Task objective — Nothing but the lines from the one with "太平樂飛小屋 暫停借出:6/17(一) 盤點日:7/1(一)~7/6(六)" through the end of the records may appear in the answer, each reproduced exactly, pictures omitted.

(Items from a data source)
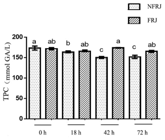The TPC of FRJ and NFRJ are displayed in Figure 2. With increasing fermentation time, the TPC of NFRJ decreased while no significant difference in the FRJ TPC was observed. The TPC of FRJ was significantly higher than the TPC of NFRJ at 42 h (173.67 ± 2.16 versus (vs) 150.19 ± 6.04 mmol gallic acid/L) and 72 h (165.00 ± 6.35 vs. 151.64 ± 10.29 mmol gallic acid/L).
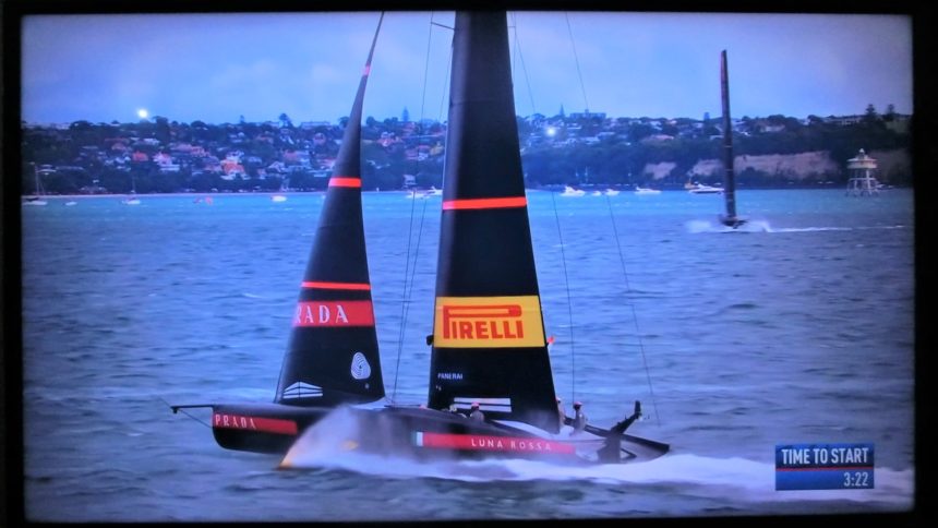 オリンピックやサッカーのワールドカップのように、4年に1回の開催。そして今年は、前回優勝者に挑戦する艇を決める事前レースが、ルイヴィトンからプラダにスポンサーが代わり、公式タイムキーパーもパネライになり、プラダ・カップの名称に。もちろん出場する艇は「プラダ・ピレッリ・ルーナロッサ」!このプラダカップは1月15日~2月21日にニュージーランドのオークランド湾で開催され、イタリア艇、そしてイギリス艇イネオス、アメリカ艇アメリカンマジックの3チームで戦われました。前者2チームが決勝に進出し、そして最終的に先に7勝したルーナロッサが勝利し、アメリカズカップの出場権を手に入れました!
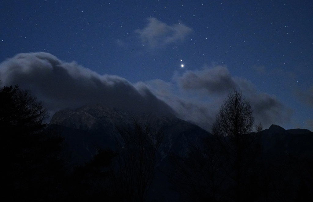 この地球の日本列島では、北アルプスを抜けた南アルプス山麓でも雪雲の影響
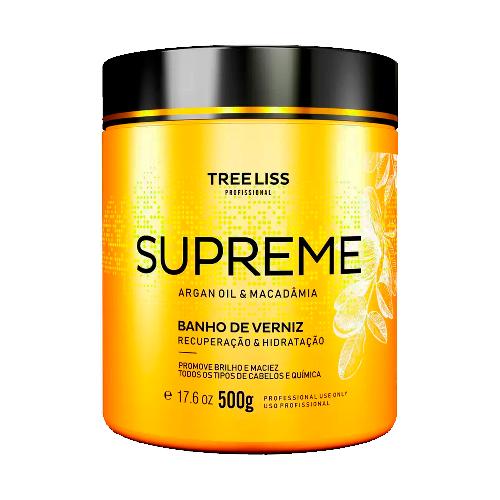 O Creme Banho de Verniz Tree Liss Supreme 500g é indicado para recuperar e hidratar os fios, promovendo brilho intenso com efeito de verniz. Sua fórmula é enriquecida com óleo de argan e macadâmia, que deixam os cabelos hidratados, macios e livre de danos. Ideal para uso em todos os tipos de cabelo.
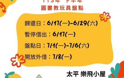 太平樂飛小屋 暫停借出:6/17(一) 盤點日:7/1(一)~7/6(六) 開放外借:7/8(一)
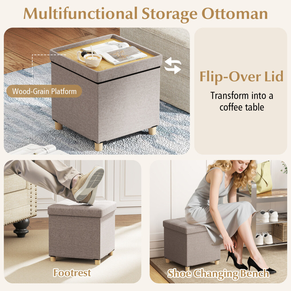 Versatile Flip Top Lid: The footstool’s top lid flips to reveal a wood-grain surface, which is ideal for resting drinks and snacks. Transform it effortlessly into a practical side table/coffee table, enhancing your room’s utility with 1 simple motion.
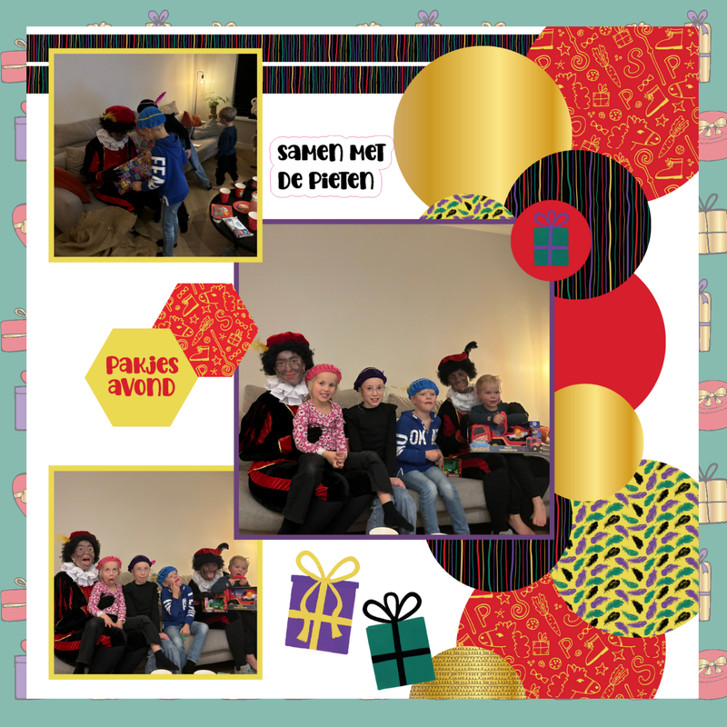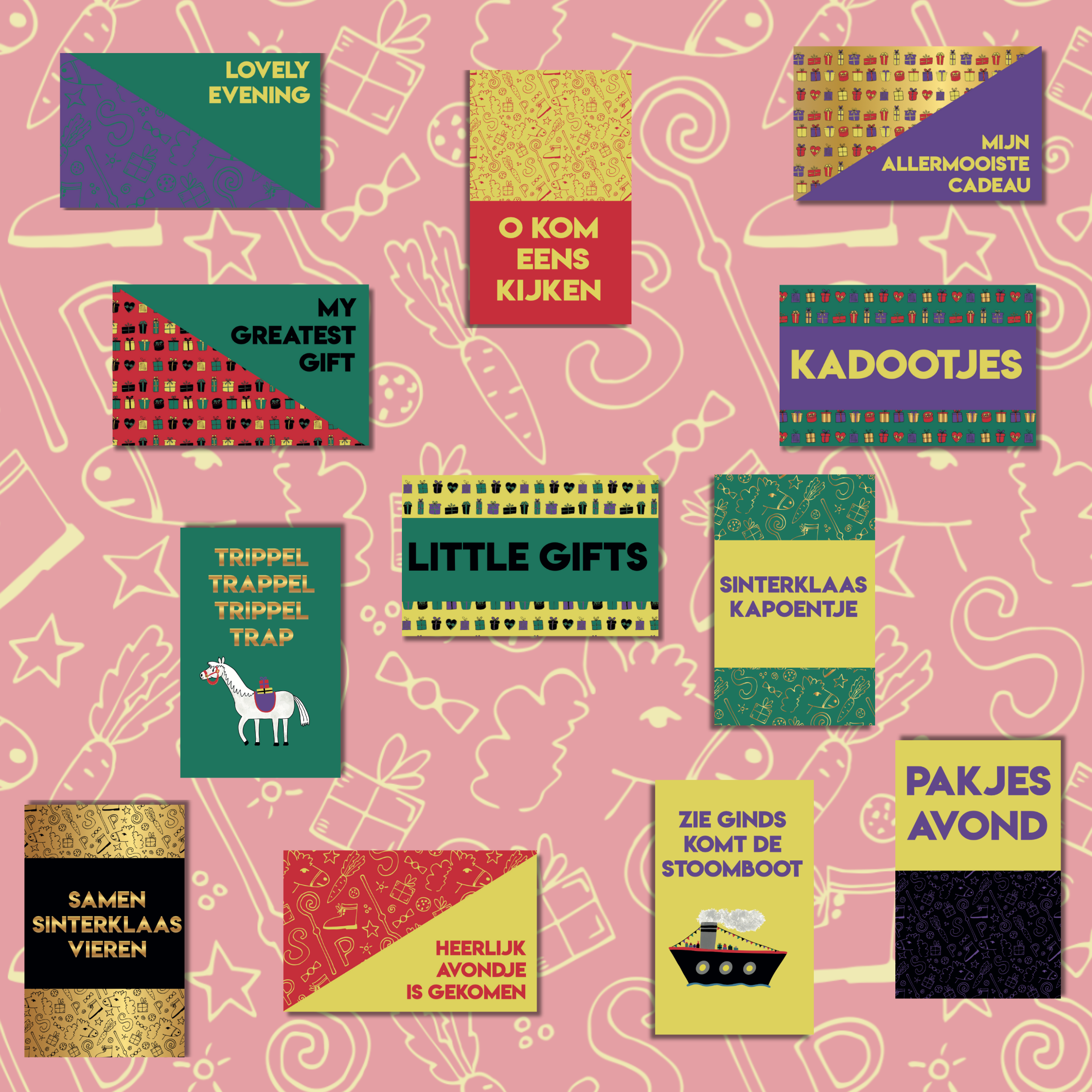 - Designs met hartjes, veren, cadeautjes en verticale lijnen, spiraal lijnen en sinterklaas print

Answer to this exercise —
 太平樂飛小屋 暫停借出:6/17(一) 盤點日:7/1(一)~7/6(六) 開放外借:7/8(一)
 Versatile Flip Top Lid: The footstool’s top lid flips to reveal a wood-grain surface, which is ideal for resting drinks and snacks. Transform it effortlessly into a practical side table/coffee table, enhancing your room’s utility with 1 simple motion.
 - Designs met hartjes, veren, cadeautjes en verticale lijnen, spiraal lijnen en sinterklaas print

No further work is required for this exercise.